Ибо лучше других поняла страшную опасность, грозящую дивам. Она материнским сердцем чувствовала, как холодное дыхание смерти, нависшее над всеми, вот-вот коснется ее детей, если уже не коснулось. Она лихорадочно перебирала спасительные варианты и в эти минуты думала не только о личном - нужно не допустить бойни. Пленные и рабы, обозленные на див, в живых не оставят никого.

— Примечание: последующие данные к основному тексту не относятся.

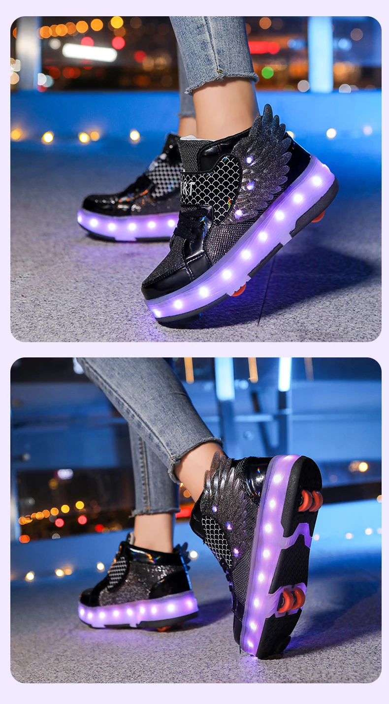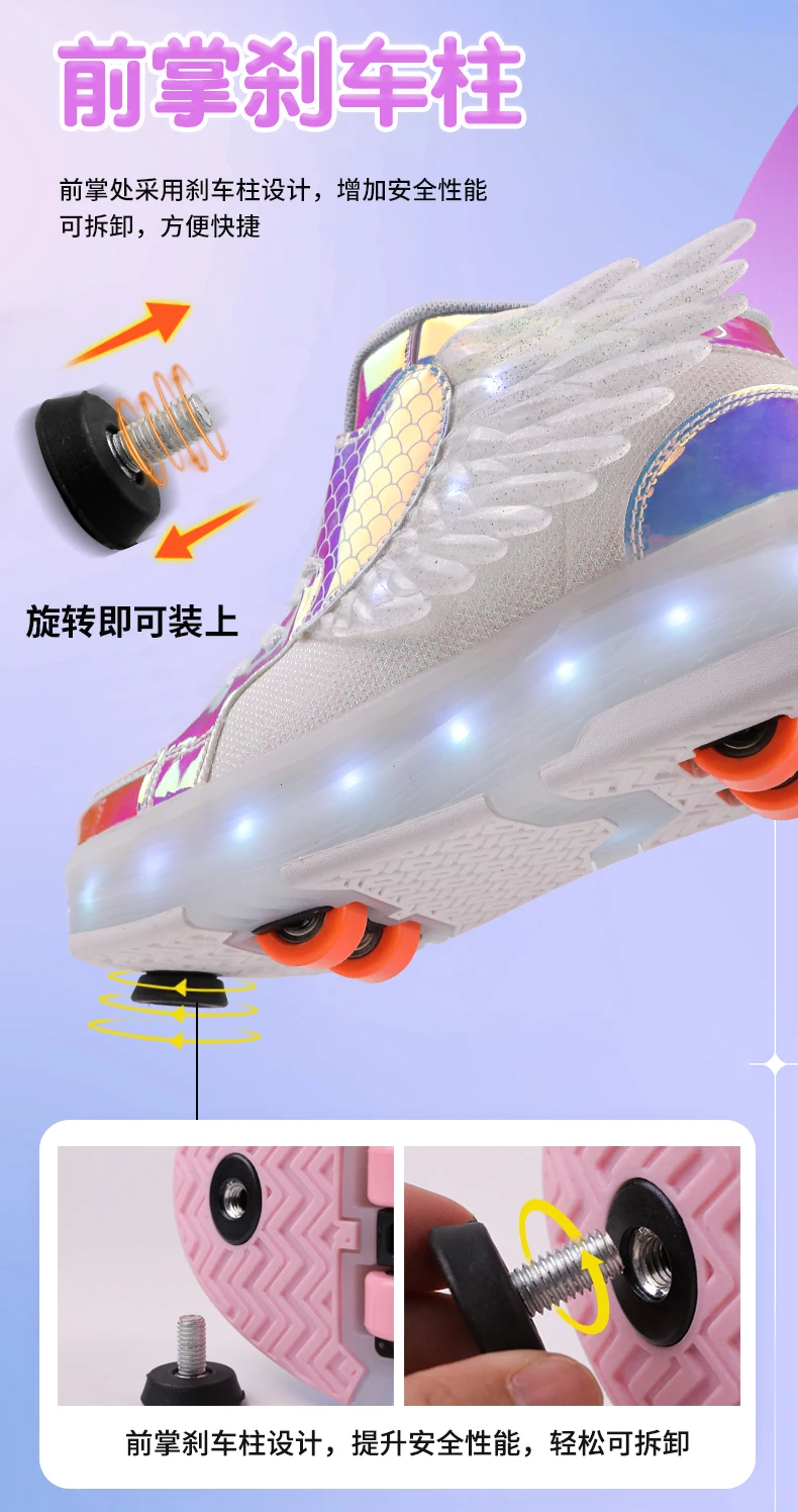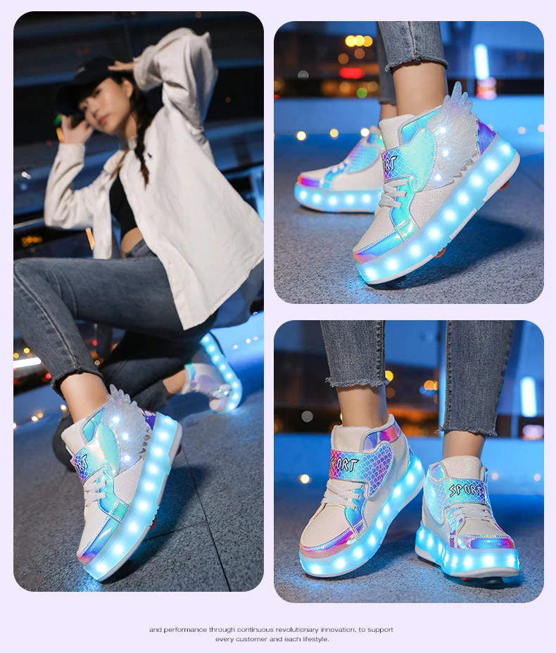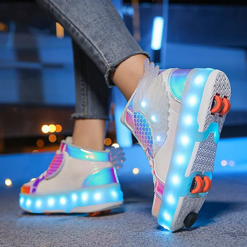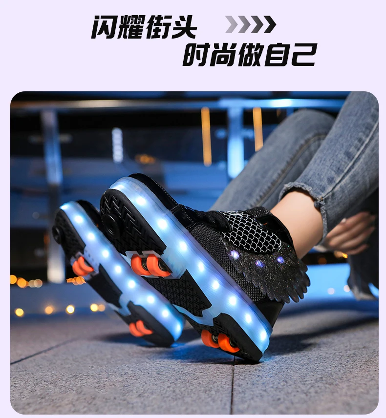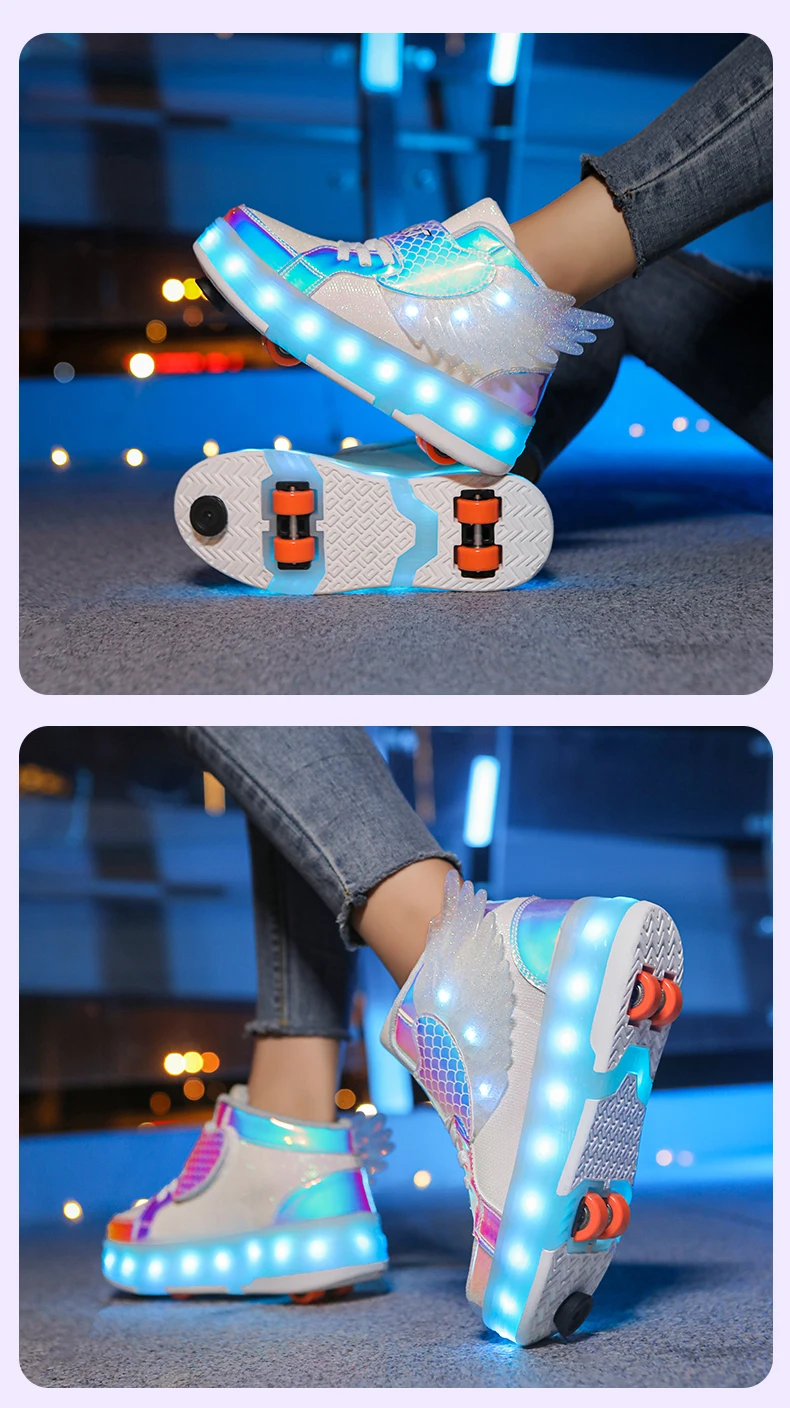 LED Light Kids Roller Skate Shoes Children Boys Girls 4 Wheels Deformation Detachable Parkour Outdoor Skating Shoes Running Gift
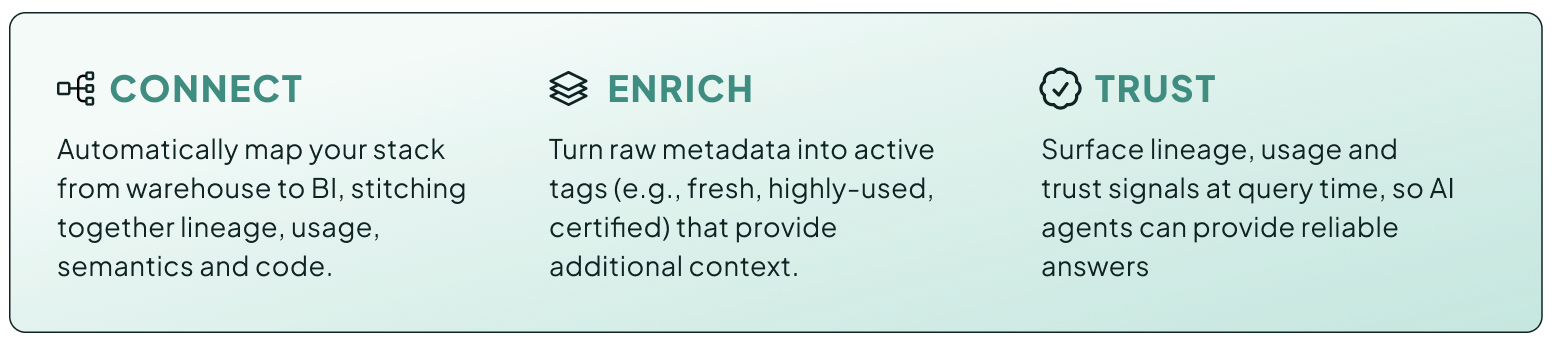It maps your existing metadata—stitching together column-level lineage across warehouses, dashboards, and metrics, enriched with field-level usage to highlight what matters, and custom properties with automated rule based labels or tags. Then it activates this metadata: enabling data teams to declutter, cut costs, and automate governance at scale, while surfacing the real-time context AI agents need to understand the data and deliver trusted results—every time.

Противостояние продолжалось. Оставшись без предводительницы, дивы колебались, сегодня судьба отвернулась от них. Ибо поняла, что только она одна сможет уговорить и спасти див от неминуемой гибели. Тогда она решилась.
- Я - мать Солнцезарной, а мужчина рядом со мной, Люб, отец ее и молодого вождя, который привел сюда пришельцев. Люб, бывший ваш пленник и раб, а пришельцы
- воины его рода. Вы знаете, сколько им причинили горя и зла. Сейчас от решения Люба, зависит ваша жизнь, поэтому от имени Солнцезарной, дочери моей, приказываю вам не сопротивляться и сложить оружие. Выбирайте сами
- смерть или жизнь. Кто сложит оружие, будет прощен, я вам в этом клянусь всеми богами. Кто захочет уйти, держать не будем, а захочет остаться и соединиться с мужчинами, добровольно выбирайте себе друга. Сегодня для всех будет день и ночь любви. День любви всегда лучше ночи смерти.

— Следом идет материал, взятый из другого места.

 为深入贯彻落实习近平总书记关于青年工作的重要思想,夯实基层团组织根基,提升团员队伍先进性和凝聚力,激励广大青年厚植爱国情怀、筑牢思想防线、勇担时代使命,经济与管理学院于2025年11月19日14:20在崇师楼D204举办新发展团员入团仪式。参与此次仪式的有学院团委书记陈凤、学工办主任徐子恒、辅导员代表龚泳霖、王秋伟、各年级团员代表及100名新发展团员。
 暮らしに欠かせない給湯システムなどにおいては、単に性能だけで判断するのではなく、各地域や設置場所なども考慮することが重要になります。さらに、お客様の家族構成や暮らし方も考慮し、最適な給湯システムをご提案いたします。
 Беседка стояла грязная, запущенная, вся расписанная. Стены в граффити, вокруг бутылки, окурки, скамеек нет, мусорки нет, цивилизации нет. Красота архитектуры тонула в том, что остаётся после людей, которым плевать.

Но дивы боялись верить Ибо: как поступят мужчины? Тогда из рядов див раздались голоса:
- Пусть, вождь Люб поклянется лесом и горами.

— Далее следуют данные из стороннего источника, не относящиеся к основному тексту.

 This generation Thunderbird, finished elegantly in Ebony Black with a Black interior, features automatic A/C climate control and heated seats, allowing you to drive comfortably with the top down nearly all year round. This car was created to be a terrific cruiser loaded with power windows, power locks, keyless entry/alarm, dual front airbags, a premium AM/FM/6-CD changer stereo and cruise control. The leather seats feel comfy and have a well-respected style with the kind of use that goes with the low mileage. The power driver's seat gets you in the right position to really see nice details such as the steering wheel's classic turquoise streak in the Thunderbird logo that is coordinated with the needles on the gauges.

Ибо легонько подтолкнула Люба и взглядом попросила дать клятву. Тот неохотно положил на землю щит и произнес:
- Клянусь лесом и горами, что если вы не будете с нами сражаться, то кровь не прольется и мы дадим вам свободу. Теперь ваш выбор.

И только тогда дивы поверили полностью и стали медленно складывать оружие на землю. Ибо облегченно вздохнула: тяжелая ноша спала с сердца, но осталась щемящая боль и тревога за детей. Как мать, предчувствуя недоброе, она вдруг закричала раненым зверем:
- Любибо, сын мой, где ты?

Со стороны пришельцев ответил ей Лад:
- Любибо - наш молодой вождь, но мы не знаем, где он: ушел на переговоры и не вернулся.

Тогда мать окончательно поняла случившуюся трагедию. Понять - поняла, да поверить не могла: неужели они оба погибли? Ибо позвала дочь:
- Эва, доченька, где ты?

Ответом была глухая, мертвая тишина, никто не отозвался, и мать запричитала:
- Сынок, я тебя предупреждала, ты этого забыть не мог. Как же это случилось?

Но как выяснилось, знать - одно, но совсем другое, когда нечто случается внезапно.

Люб приказал бывшим пленникам подойти к дивам и собрать оружие, им он не доверял и успокоился, когда оружие собрали и сложили у строя его воинов. Люб не разрешил ни мужчинам, ни женщинам подходить друг к другу, пока они с Ибо не найдут Любибо и Солнцезарную, поэтому все остались на своих местах в ожидании конца поисков.

Ибо с Любом быстро пошли к месту переговоров, которое Ибо знала лучше других, она сама когда-то рыла эту богом проклятую яму и не могла себе представить, что ее дети попадут туда. Как это могло случиться, ведь Любибо хорошо знал ловушку. Они молча, не теряя надежды, подходили к западне, как к возможной могиле детей. Им не хотелось верить, что после таких мук и долгих ожиданий встречи они увидят их мертвыми. Чем ближе подходили они к яме, тем меньше оставалось надежды - от барсов еще никто не спасся, да как там спасешься, если яма в два человеческих роста - ни схватиться за край, ни выбраться. Они уже не бежали, а брели, замедляя шаг, оттягивали миг, который отделял надежду от реальности.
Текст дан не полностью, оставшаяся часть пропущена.